= TASK DETAILS =
Please restate all of the records word for word, setting the pictures aside.

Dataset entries
.....

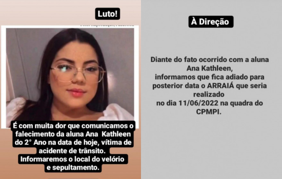 "Luto! É com muita dor que comunicamos o falecimento da aluna Ana Kathleen do 2º Ano na data de hoje, vítima de acidente de trânsito. Informaremos o local do velório e sepultamento", informou o anúncio nas redes sociais.
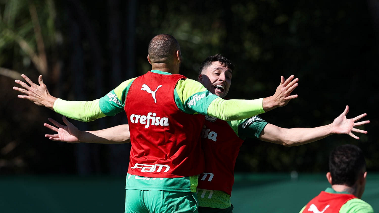 O goleiro Weverton e o jogador Joaquín Piquerez (D), da SE Palmeiras, durante treinamento, na Academia de Futebol. (Foto: Cesar Greco/Palmeiras/by Canon)
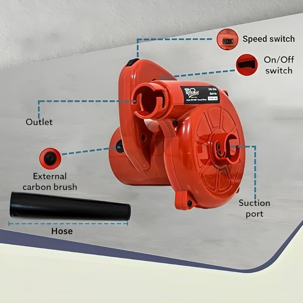 Portable Imported Pure Copper Winding Electric Air Blower and Vacuum Cleaner with Variable Speed Control and Double Function with Dust Bag In just Rs 4199 with 10 Days Money Back Guarantee for Customer Satisfaction.
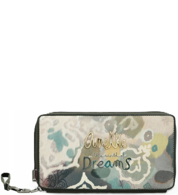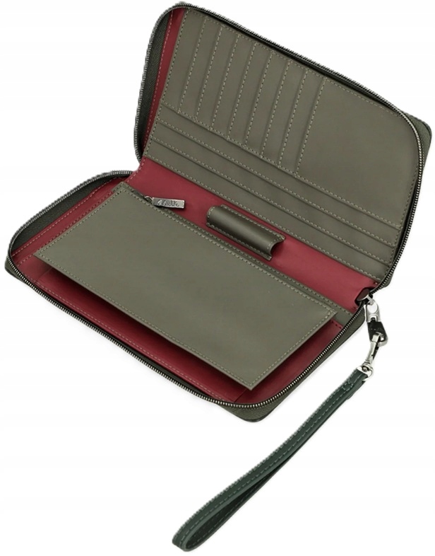 Duży portfel- portmonetka Anekke Real, zamykany ozdobnym zamkiem błyskawicznym, podzielony jest na dwie części. Z jednej strony znajduje się płaska 1 kieszeń uniwersalna i 1 obszerna kieszeń zamykana zamkiem błyskawicznym. Druga strona to 4 płaskie, szerokie kieszenie uniwersalne i 8 małych kieszonek z przeznaczeniem na karty płatnicze, lojalnościowe etc. Na środku portfela Anekke Real zamocowany jest praktyczny uchwyt na długopis. Portfel Anekke Real wyposażony jest w obszerną, podwójną kieszeń na banknoty.
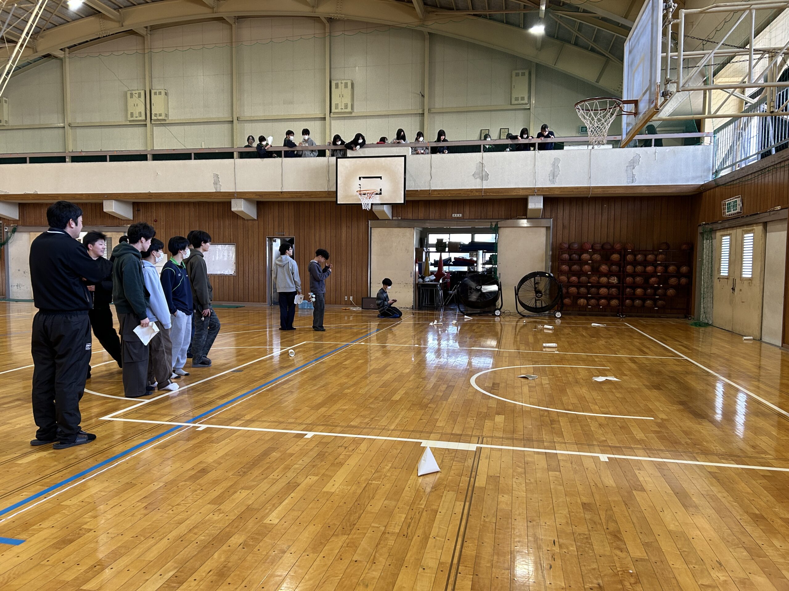 植物は動くことができないため、種子の形状を工夫することにより子孫を残してきました。実習では、どのような種子デザインにすれば生き残れるのかを自ら考え作製し、体育館で自分でデザインした種子を飛ばしました。一番遠くまで種子を飛ばせた生徒の記録は16メートル!授業内で学習したことを活かして、アクティブに学ぶことができました。

.....

= RESPONSE BELOW =
 "Luto! É com muita dor que comunicamos o falecimento da aluna Ana Kathleen do 2º Ano na data de hoje, vítima de acidente de trânsito. Informaremos o local do velório e sepultamento", informou o anúncio nas redes sociais.
 O goleiro Weverton e o jogador Joaquín Piquerez (D), da SE Palmeiras, durante treinamento, na Academia de Futebol. (Foto: Cesar Greco/Palmeiras/by Canon)
 Portable Imported Pure Copper Winding Electric Air Blower and Vacuum Cleaner with Variable Speed Control and Double Function with Dust Bag In just Rs 4199 with 10 Days Money Back Guarantee for Customer Satisfaction.
 Duży portfel- portmonetka Anekke Real, zamykany ozdobnym zamkiem błyskawicznym, podzielony jest na dwie części. Z jednej strony znajduje się płaska 1 kieszeń uniwersalna i 1 obszerna kieszeń zamykana zamkiem błyskawicznym. Druga strona to 4 płaskie, szerokie kieszenie uniwersalne i 8 małych kieszonek z przeznaczeniem na karty płatnicze, lojalnościowe etc. Na środku portfela Anekke Real zamocowany jest praktyczny uchwyt na długopis. Portfel Anekke Real wyposażony jest w obszerną, podwójną kieszeń na banknoty.
 植物は動くことができないため、種子の形状を工夫することにより子孫を残してきました。実習では、どのような種子デザインにすれば生き残れるのかを自ら考え作製し、体育館で自分でデザインした種子を飛ばしました。一番遠くまで種子を飛ばせた生徒の記録は16メートル!授業内で学習したことを活かして、アクティブに学ぶことができました。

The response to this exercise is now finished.